■ **WHAT TO PRODUCE**
Taking only the lines of the data below from the line with "day, Soria, Spain" to the line with "The British pound went", ends included, write them out exactly and without pictures.
━━ INPUT DATA
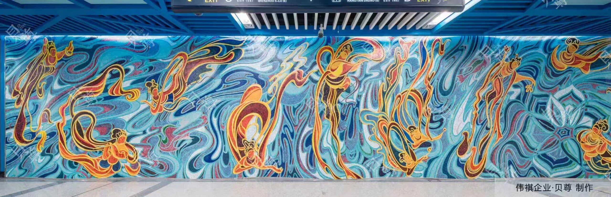 作品画面以中国古代的飞天为创作元素 将敦煌壁画中飞天形象进行抽象化艺术加工 千姿百态的飞天凌空翱翔在奇幻无穷的宇宙空间 整体色调鲜明亮丽 寓意人们在锲而不舍地追梦太空,颜色夺目,线条优美是这幅作品带给观者的第一享受。在制作前,我们尝试了多种不同的材料搭配和表现方式。为了突出飞天人物主体,最终选用艺术大块料作为此部分的表现方式,而背景则选用小料马赛克来搭配。以大块料的厚度、大小与小料马赛克形成质感和主次关系的对比,使画面层次更加分明,具有观赏性。
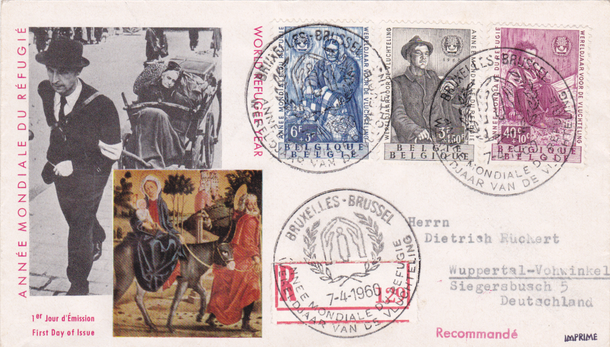 Brief per Einschreiben vom Ersttag der Serie aus Belgien (MiNr 1182 - 1187) zum Weltflüchtlingsjahr 1959 mit dem Sonderstempel aus Brüssel nach Wuppertal.
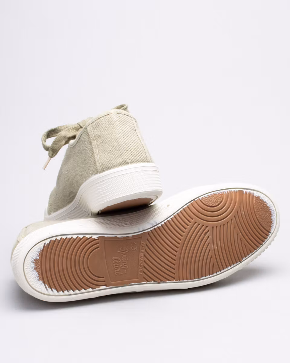 Spring Court's classic G2 in heavy twill. Comfortable, textile lined, insole. Latex rubber outsole. Ventilated through four holes in the outsole.
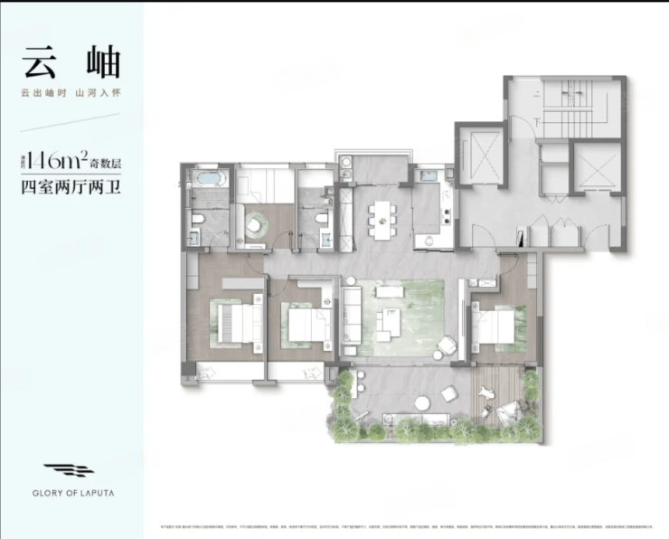 5,本批次房源的建筑面积段在107.61-146.26平,其主力户型:
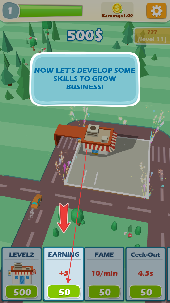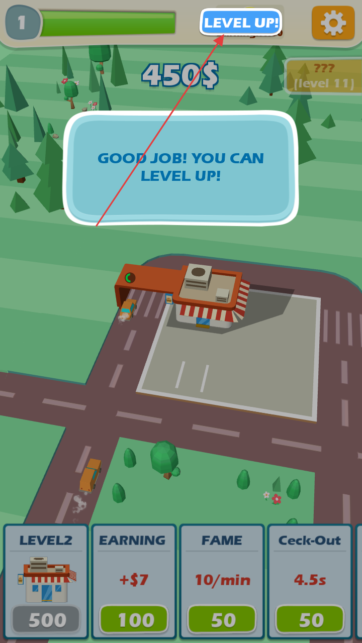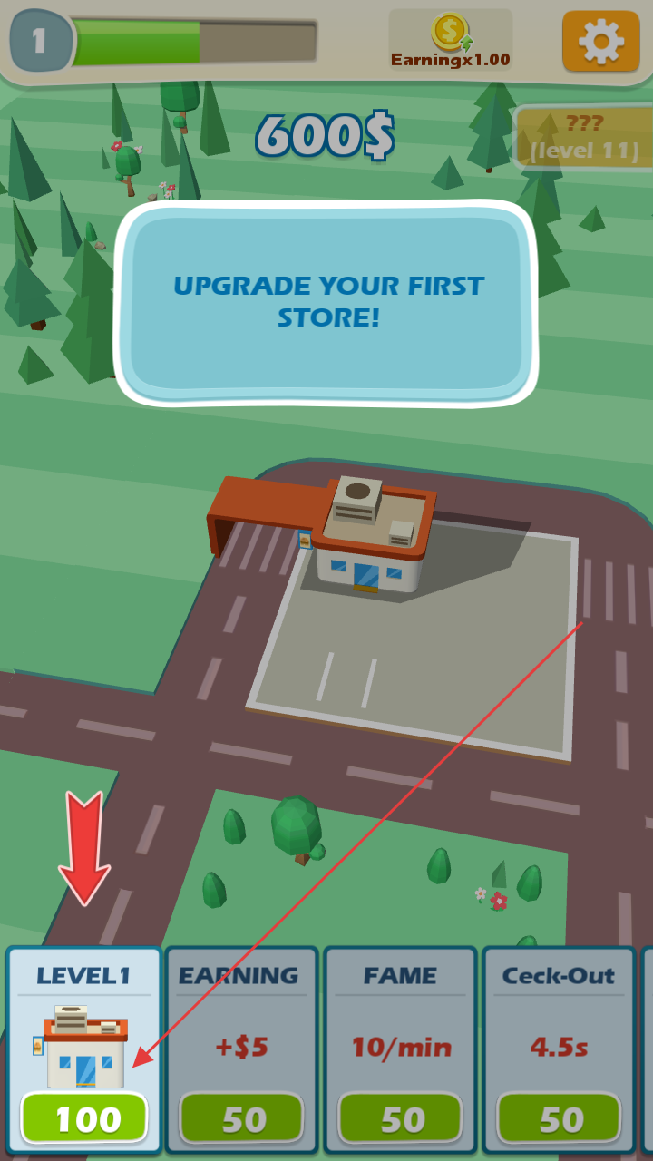 1、游戏玩家拥有初始资金,界面提示,玩家可花费资金(如100)升级店铺。
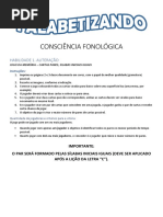 O documento descreve um jogo educacional para trabalhar a consciência fonológica em crianças. O jogo se chama "Bingo da Aliteração" e utiliza imagens de palavras que começam com o mesmo som inicia para que as crianças identifiquem a aliteração.
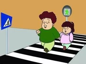5、横过马路或通过十字街道时,要走人行横道, 并注意红绿灯信号标志:红灯停,绿灯行。
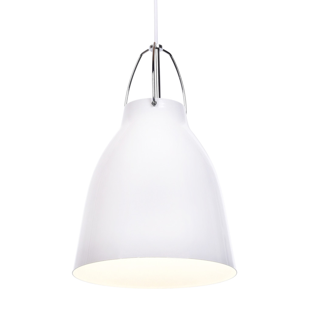 Biała, nowoczesna lampa skandynawska loft RAYO wisząca z metalowym kloszem. Pasuje zarówno do stylu skandynawskiego jak i loftowego, industrialnego.
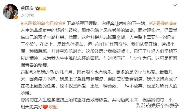 6月14日,蔡國慶在社交平臺發文,慶祝綜藝節目《這是我的島》完成錄製,並曬出一組與嘉賓的合影,記錄在艱苦條件下一起度過的歡樂時光。
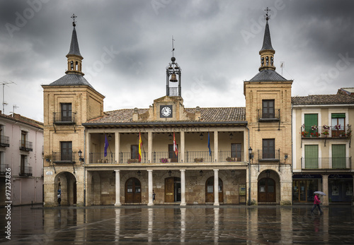© Jorge Anastacio, Fototapeta premium Ayuntamiento Burgo de Osma on a rainy day, Soria, Spain
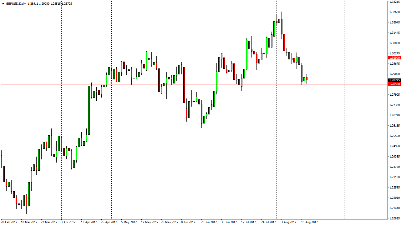 The British pound went back and forth during the day on Thursday, but more importantly found a bit of support at the 1.2850 level. I think that the market could bounce from here, but the 1.30 level above will be rather resistive. With this in mind, I believe that the market will eventually find some type of trouble over there, so I think a short-term rally may becoming but I would expect the sellers to step in rather quickly. I have no interest in buying, and I believe that a breakdown below the 1.2850 level has this market dropping significantly. Either way, I expect that we will see a lot of volatility, and if we can break down below here we should go looking towards the 1.2650 level which is even more supportive. Currently, I think there’s far too much bearishness and the British pound to consider buying it, and I will do so until we break above the 1.3050 level.
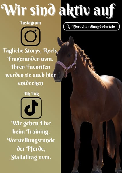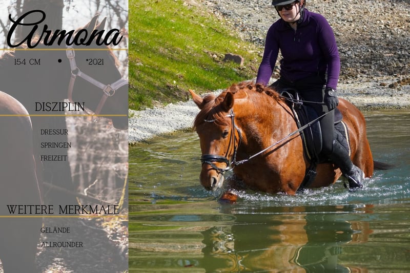 Armona ist eine 5 Jährige Karakachan Stute v. Ayran B ca. 154 cm *Armona* ist eine wunderschöne ganz coole Allrounderin. Sie arbeitet super schön auf dem Platz mit, zeigt sich rittig mit sehr schönen GGA. Im Gelände geht sie brav alleine und in der Gruppe auch fremde Umgebungen machen ihr nichts aus. Sie zeigt Freude auch an einem Sprung und springt auch gerne mit uns über Baumstämme. Armona liebt das Wasser und geht super gerne plantschen. Eine Allrounderin durch und durch. Wir können uns sie auch für den Schulbetrieb gut vorstellen. Im Umgang super lieb und unkompliziert. Ein aktuelles Video finden Sie hier in der Anzeige. Pferdehandlung Dederichs – Ihr Partner für den Pferdekauf Kontakt & Erreichbarkeit: Anfragen bitte ausschließlich telefonisch unter 0173/9792139 Montag – Freitag: 09:00 – 18:00 Uhr Samstag: 09:00 – 15:00 Uhr Sonntag: Ruhetag Folgen Sie uns auf Social Media! Erleben Sie unseren Alltag mit den Verkaufspferden auf Instagram, TikTok & Facebook unter Pferdehandlung Dederichs Rabatt: Bei sofortiger Mitnahme Ihres neuen Traumpferdes erhalten Sie zwischen 5 %– 10 % Rabatt Probereiten & Vorführen: • Probereiten: 40 € pro Pferd (max. 2 Reiter), Betrag wird beim Kauf angerechnet • Feiertage: Proberitt 50 € • Vorführung durch unsere Bereiter: 30 € pro Pferd (Vorreiten, Bodenarbeit etc.) Ankaufsuntersuchung & Transport: • Viele unserer Pferde besitzen bereits eine AKU • Sie können selbstverständlich Ihren eigenen Tierarzt mitbringen • Gerne organisieren wir eine Untersuchung • Wir unterstützen Sie auch gerne beim Transport ins neue Zuhause Weitere Verkaufspferde: In unserem Stall stehen weitere Verkaufspferde, die noch nicht online sind. Falls Ihr Traumpferd noch nicht dabei ist, zögern Sie nicht, uns zu kontaktieren. Wichtige Hinweise: • Stockmaß-Angaben sind geschätzt und nicht exakt nachgemessen • Alle Beschreibungen sind subjektive Einschätzungen des Verkäufers und keine zugesicherten Eigenschaften
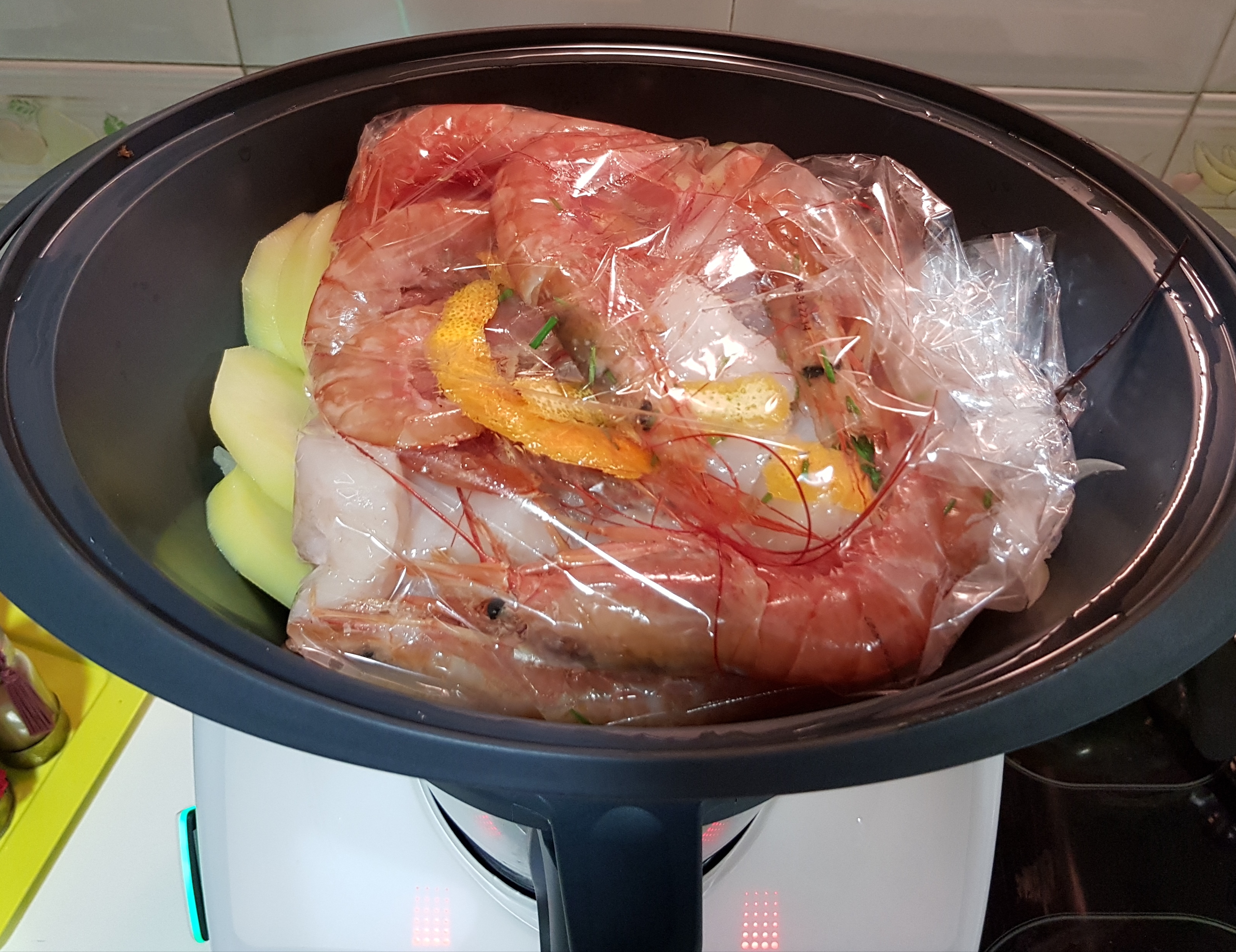 SOPA DE PICADILLO,RAPE CON GAMBON,PATATAS PANADERAS EN SALSA DE NARANJA CON THERMOMIX
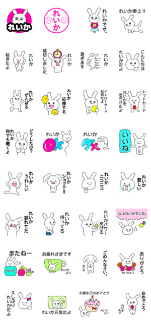 名前が『れいか』の人が使える名前スタンプです。れいかちゃんへのプレゼントにもどうぞ。レイカ、怜香、麗佳、玲香、麗香(ちゃん/さん)など。
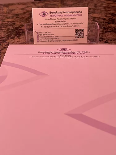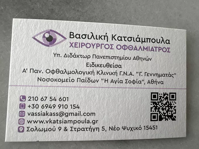 Η Κατσιάμπουλα Βασιλική MD, PhDc είναι Χειρουργός Οφθαλμίατρος και διατηρεί ιδιωτικό ιατρείο στο Νέο Ψυχικό στην Αθήνα. Αποφοίτησε από την Ιατρική Σχολή του Πανεπιστημίου Πατρών και ειδικεύτηκε στην Οφθαλμολογία στο Γενικό Νοσοκομείο Παίδων "Η Αγία Σοφία" και στην Α' Πανεπιστημιακή Οφθαλμολογική Κλινική του Γενικού Νοσοκομείου Αθηνών "Γ. Γεννηματάς", εργαζόμενη δίπλα σε διακεκριμένους καθηγητές Οφθαλμολογίας με κύριο αντικείμενο τις παθήσεις του κερατοειδούς. Ταυτόχρονα, είναι Υποψήφια Διδάκτωρ της Ιατρικής Σχολής του Εθνικού και Καποδιστριακού Πανεπιστημίου Αθηνών. Έχει δημοσιεύσει εργασίες σε διεθνή επιστημονικά περιοδικά και έχει παρουσιάσει σε ελληνικά, ευρωπαϊκά και διεθνή συνέδρια. Είναι μέλος της Ευρωπαϊκής Εταιρείας Καταρράκτη και Διαθλαστικής χειρουργικής και της Ελληνικής Οφθαλμολογικής Εταιρείας, καθώς και της Ελληνικής Εταιρείας Υαλοειδούς- Αμφιβληστροειδούς. Είναι μέλος του Ιατρικού Συλλόγου του Μονάχου, Γερμανίας και της Βέρνης, Ελβετίας. Στο ιατρείο της αναλαμβάνει περιστατικά που καλύπτουν όλο το φάσμα της Οφθαλμολογίας σε ενήλικες και παιδιά καθώς και χειρουργικά περιστατικά.
━━━━
■ **ANSWER BOX**
© Jorge Anastacio, Fototapeta premium Ayuntamiento Burgo de Osma on a rainy day, Soria, Spain
 The British pound went back and forth during the day on Thursday, but more importantly found a bit of support at the 1.2850 level. I think that the market could bounce from here, but the 1.30 level above will be rather resistive. With this in mind, I believe that the market will eventually find some type of trouble over there, so I think a short-term rally may becoming but I would expect the sellers to step in rather quickly. I have no interest in buying, and I believe that a breakdown below the 1.2850 level has this market dropping significantly. Either way, I expect that we will see a lot of volatility, and if we can break down below here we should go looking towards the 1.2650 level which is even more supportive. Currently, I think there’s far too much bearishness and the British pound to consider buying it, and I will do so until we break above the 1.3050 level.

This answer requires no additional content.